TL;DR: GitHub's new agentic-AI certification, GH-600 (GitHub Certified: Agentic AI Developer), is in beta until May 31, 2026, with 80% off for the first 100 candidates using promo code GH600Flanders. I built a free 7-video YouTube series — one video per exam domain plus an overview — to help you prep before the beta window closes. Watch the playlist on YouTube.


Why this exists

GitHub announced GH-600 (Developing in Agentic AI Systems) as the first vendor certification specifically for engineers who build, operate, and govern AI agents inside the software development lifecycle. The beta exam is live now and runs through 2026-05-31; general availability is scheduled for July 2026.

There's a real cost-and-time pressure on early candidates:

  • 80% off the first 100 beta seats with promo code GH600Flanders at registration.
  • Beta results take 8–12 weeks to score, but if you pass the beta you earn the same credential as people who sit the GA exam in July.
  • A Microsoft Reactor livestream with Ari LiVigni (Senior Learning Advocate at GitHub) runs 2026-05-28, 7–8pm UTC — three days before the beta deadline, with a second discount code revealed at the end. (Register here.)
  • The beta is not available in Turkey, Pakistan, India, or China — confirm your region's eligibility before paying.

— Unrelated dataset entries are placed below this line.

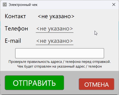 При включенной опции, в момент печати чека, программа предложит добавить номер телефона или email на который будет отправлен электронный чек .
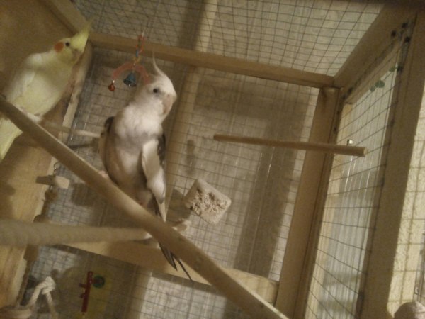 Переселив Перлушу к нему, я стал наблюдать. По началу все было хорошо: он ей пел, оказывал знаки внимания, пританцовывал. Но потом он увидел Стешу и все, сердце Юши было разбито. Перлуша была влюблена в него, это я понял по нескольким моментам: когда она его не видела, она очень сильно кричала и металась по клетке, словно зовя его, она зотела быть всегда рядом с ним. Но Жека выбрал в итоге Стешу(Лютино).
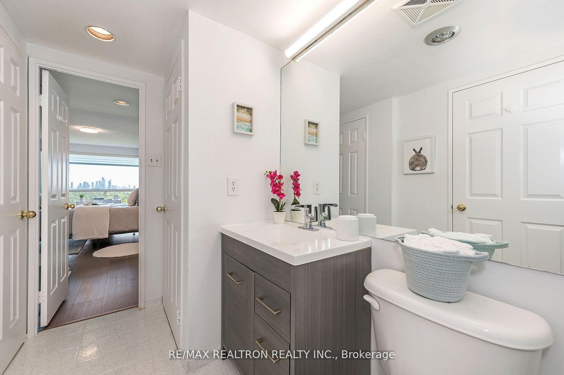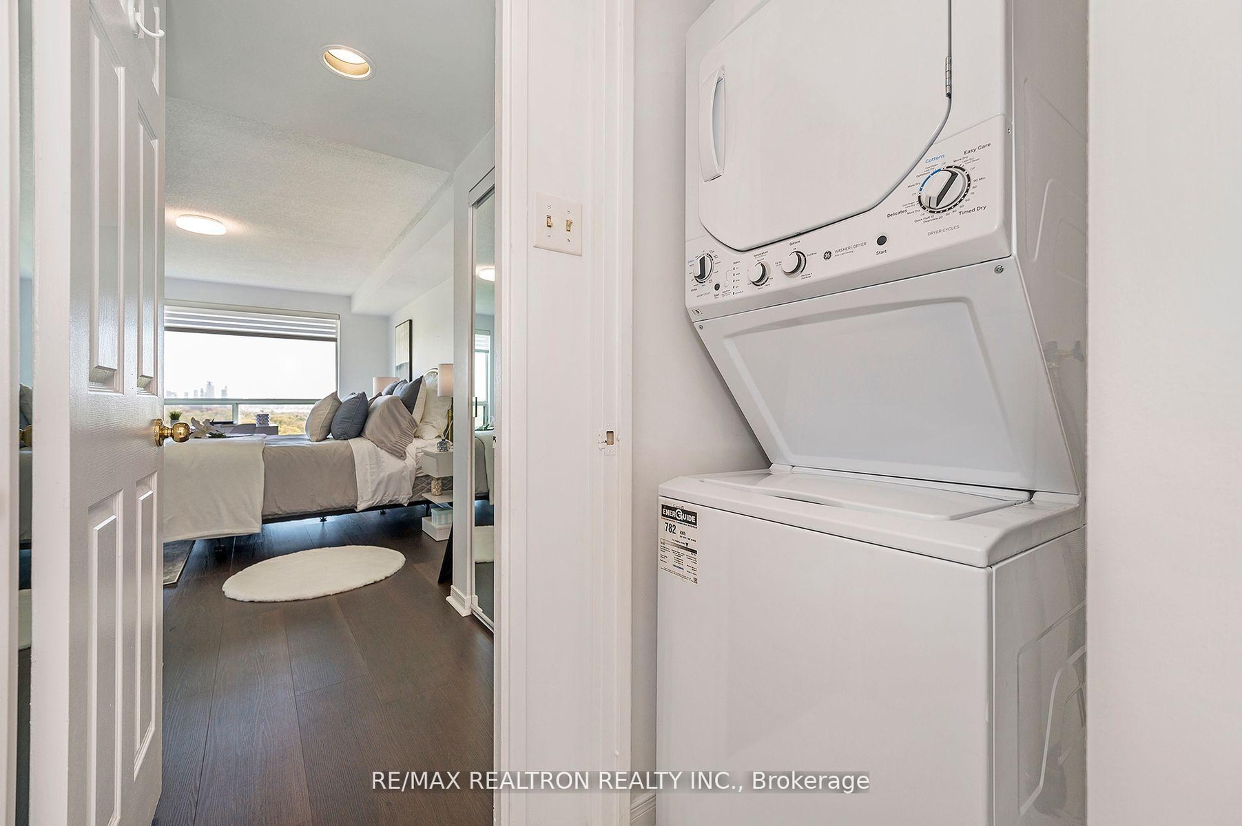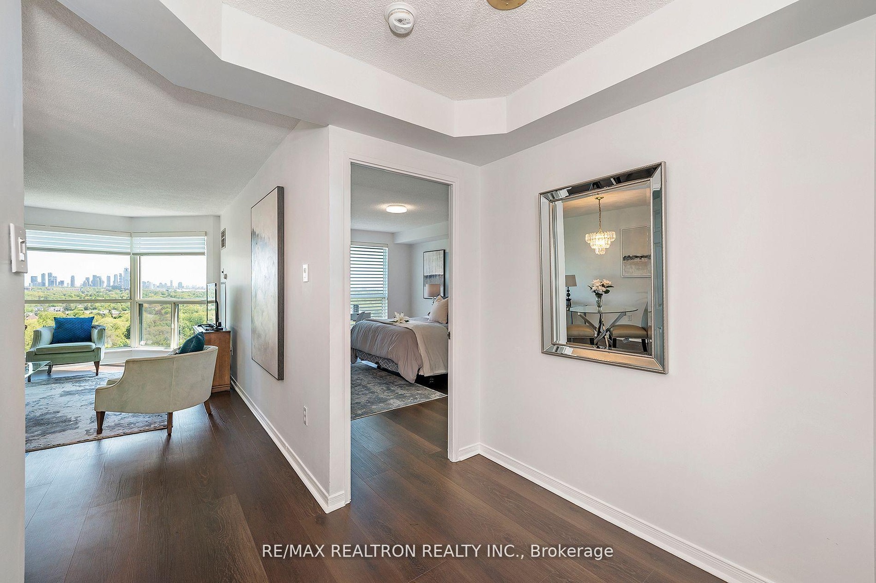 Welcome to Eagle Ridge Condominiums-a well-established community nestled in a safe, gated neighbourhood with 24-hour security. Peacefully set amid beautifully landscaped gardens, this serene enclave is perfectly situated across from South Common Mall, making daily errands a breeze. Commuters will appreciate the quick access to Highway 403, while others will love being just minutes from Credit Valley Hospital. We are proud to present one of the larger one-bedroom, one-bathroom suites, offering 793 sq ft of functional living space! This east-facing unit is ideally positioned to showcase sweeping views of nature, the CN Tower, and even a glimpse of the lake in the distance. Inside, the smart layout features: A welcoming foyer with front closet, Open-concept kitchen with ample cabinetry & breakfast bar, a Dedicated dining area & spacious living room perfect for entertaining, Bright, generously sized primary suite with his & her mirrored closets and a semi-ensuite bath with in-suite laundry. Highlights include: Expansive windows with stunning views & natural light, East exposure that helps keep the unit cool in the summer, Updated flooring, mirrored closet doors, modern hardware, Stainless steel appliances, frameless glass shower & updated vanity. Step outside your suite and enjoy the resort-style recreation center including: Lap pool & whirlpool, Saunas, Squash & basketball courts, Fully equipped gym, Library & lounge, Outdoor picnic & BBQ areas. This unit truly offers comfort, convenience, and community-everything you need for a balanced and fulfilling lifestyle!
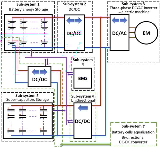 - Sub-system 1: battery ES comprises cells connected in series strings that are then paralleled. In the models and design procedures that were further developed, only a cell is used as an element of charge equalisation.
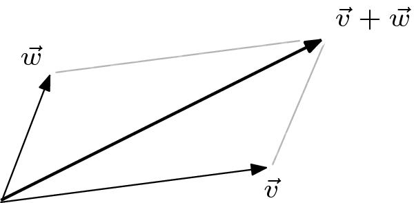 Another way to understand the vector sum is with the parallelogram rule. Draw the parallelogram formed by the vectors and then the sum extends along the diagonal to the far corner.
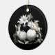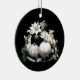 Elegante design de Natal de marfim bege preto com Enfeites de natal de marfim preto e marfim, decoração, flores de marfim, galhos de pínus e arco de cebola preta, com sua mensagem de texto personalizada no verso do ornamento.
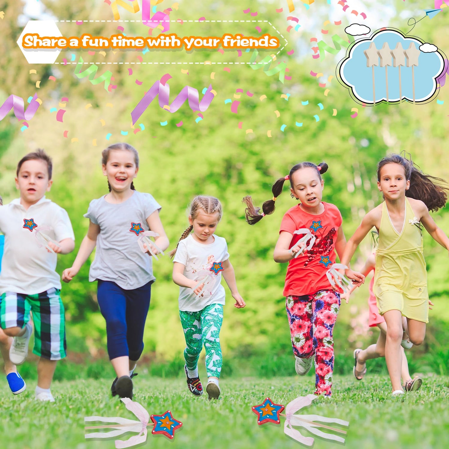 - 【Quality Material】: Our kids 3D fairy wand bulk is made of wood, the gem stickers and painting brushes are made of plastic, and the 12-color paint is made of acrylic. The material is safe and reliable, no odor, the star fairy princess wand has a smooth surface without burrs, comfortable touch, and protects children's delicate skin. Children can make unique shiny wands, making hand-made more interesting
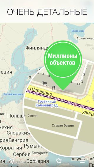Помимо улиц с номерами домов, MAPS.ME поможет найти все, что может понадобиться в незнакомом месте – от банкоматов, парковок и магазинов до ресторанов, музеев и достопримечательностей. Благодаря тому, что при составлении карт MAPS.ME используются данные, собранные участниками сообщества OpenStreetMap, на них можно найти такие небольшие, но иногда необходимые объекты как скамейки, тропинки и питьевые фонтанчики.
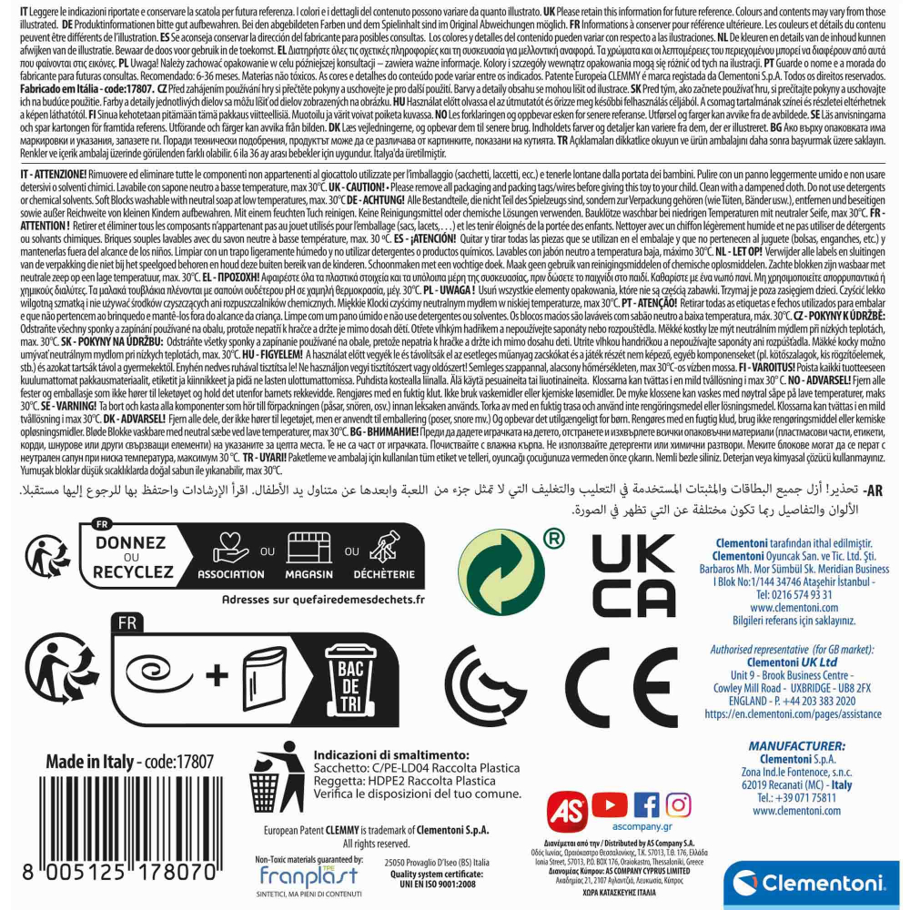 O noua galeata Clemmy cu capac moale, imbogatita cu texturi si sloturi pentru a juca cu cele 15 blocuri incluse.

That leaves a tight window before the discount expires on May 31. Microsoft Learn has free modules for two of the six domains, but the other four leave you piecing together GitHub docs. I made the PromptLab video series to consolidate one video per domain so you can prep on a commute or while making dinner, then go deep on the official docs after.

The videos are intentionally brief (Cinematic Brief format, ~3–5 minutes each) — not a substitute for the Microsoft Learn modules, but a fast on-ramp and a memory aid for the night before the exam.

Channel link. Playlist link.


What's in the series

One video per exam domain, plus an overview. Each video maps directly to the official skills-measured outline.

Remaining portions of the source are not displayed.